The Great World War, often dubbed as the War of Wars, was a conflict that involved nations from all corners of the globe. The war lasted four years, beginning on September 3rd, 1930, and ending on February 15th, 1934. It was the deadliest war in history, with over 50 million casualties; 20 million killed, and 30 million wounded, missing, or captured. The war officially ended with the signing of the Treaty of Sydney. This was the first war fought worldwide, with battles in Europe, South America and the Pacific.
Background of the European Theater
The emergence of Germany on the world stage in 1871 delivered a staggering shock to Europe. Germany adopted an imperialistic policy and began a race to attain oversea colonies. Also, German industry was on the rise, due to Germany's ample coal and iron supplies. Germany was also aggressive on mainland Europe, causing wars with France and Austria-Hungary. By the early 1900's, war seemed almost inevitable. However, in 1898, when Otto von Bismarck died, a new leader would rise. Conrad Becker, a strong German politician, took power. Becker felt a war with Europe would stagger Germany's progress. Becker worked with European leaders to keep peace for the next 27 years by reducing military spending, redefining borders, as well as giving up colonies. In 1925, Conrad Becker died, causing great concern for the European nations. Taking Becker's place was Wilhelm III. Wilhelm III was disgusted with Becker's rule and felt Germany should take its place as the world power. For the next five years, Wilhelm reversed Becker's policies by heavily boosting the military and taking new colonies, even ones already owned by other nations. Europe, especially France and Great Britain, had no choice but to try to stop Germany's aggressive actions. However, Wilhelm made the first move. Wilhelm knew France's military was far weaken than Britain's; he also wanted France's coal supplies. On September 3rd, 1930, German troops hammered into France. The war that had been brewing for decades finally broke out.

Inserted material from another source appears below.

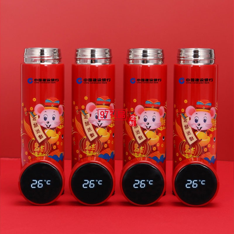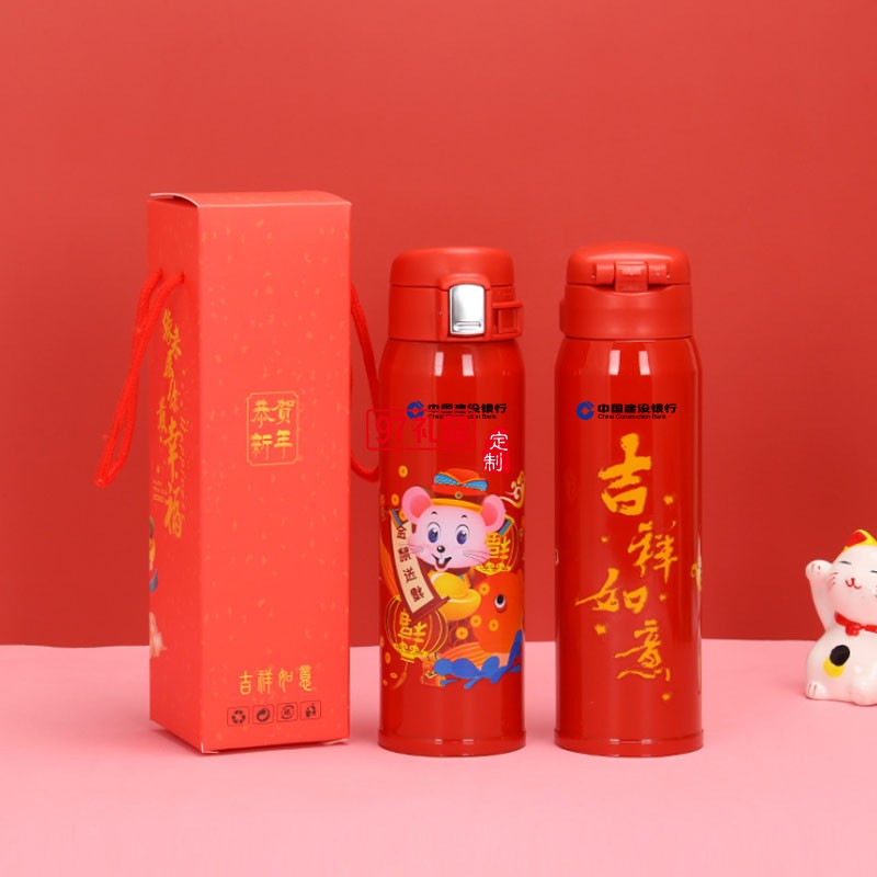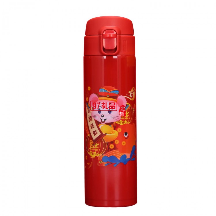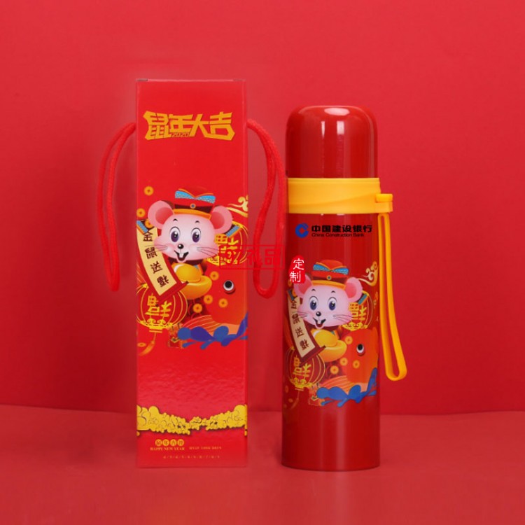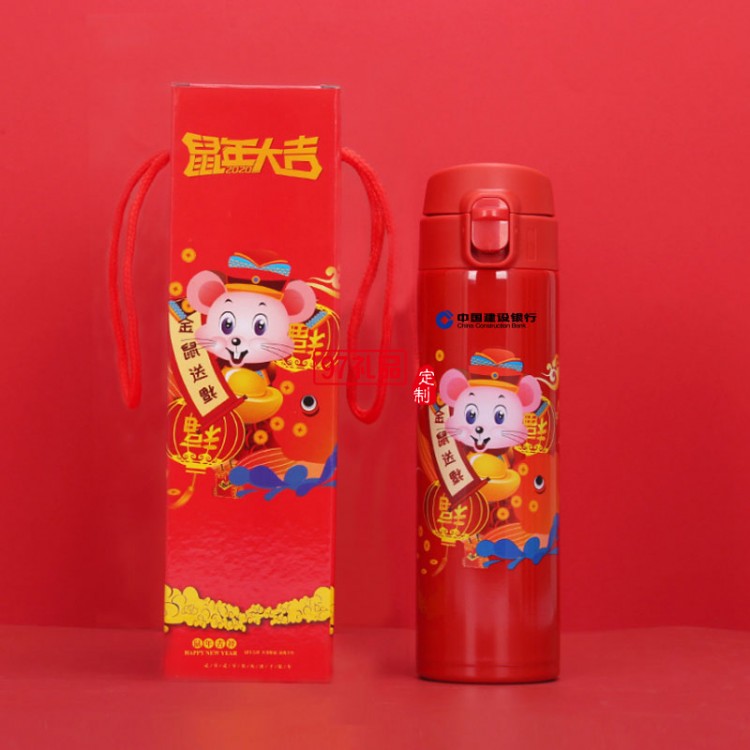 2020鼠年大吉開(kāi)門(mén)紅保溫杯金鼠送福溫度 可定制logo

Background of the South American Theater
Brazil had gained independence from Portugal in 1822 and now had a large empire. Pedro II, emperor of Brazil, had heavily industrialized and militarized his nation. Brazil, now a prestigeous power, had brought great concern to the other major power of the region, the United States. The U.S rarely dealt with South American affairs, but the emergence of Brazil had forced the U.S to look into Brazilian issues. Pedro II died in 1891, and the Brazilian empire began to decline. The U.S felt that the threat of Brazil had disipated. Much to the U.S's dismay, the next emperor, Pedro III, began to build-up Brazil even more. He modernized the military, as well as increasing its size, and began to colonize Caribbean islands. The U.S, although fearful of Brazil's new actions, did not take action. Pedro III spoke with Wilhelm III of Germany in 1927. Wilhelm promised Pedro African colonies if Brazil kept the U.S out of the European war. Pedro accepted and the two formed an alliance. Brazil kept colonizing in the Caribbean up until Puerto Rico. The U.S warned Brazil if Puerto Rico was attacked, war would be declared. Pedro, living up to his agreement, ordered an invasion of the island. On September 6th, 1930, Brazil invaded Puerto Rico. The folloing day, the U.S declared war on the empire of Brazil.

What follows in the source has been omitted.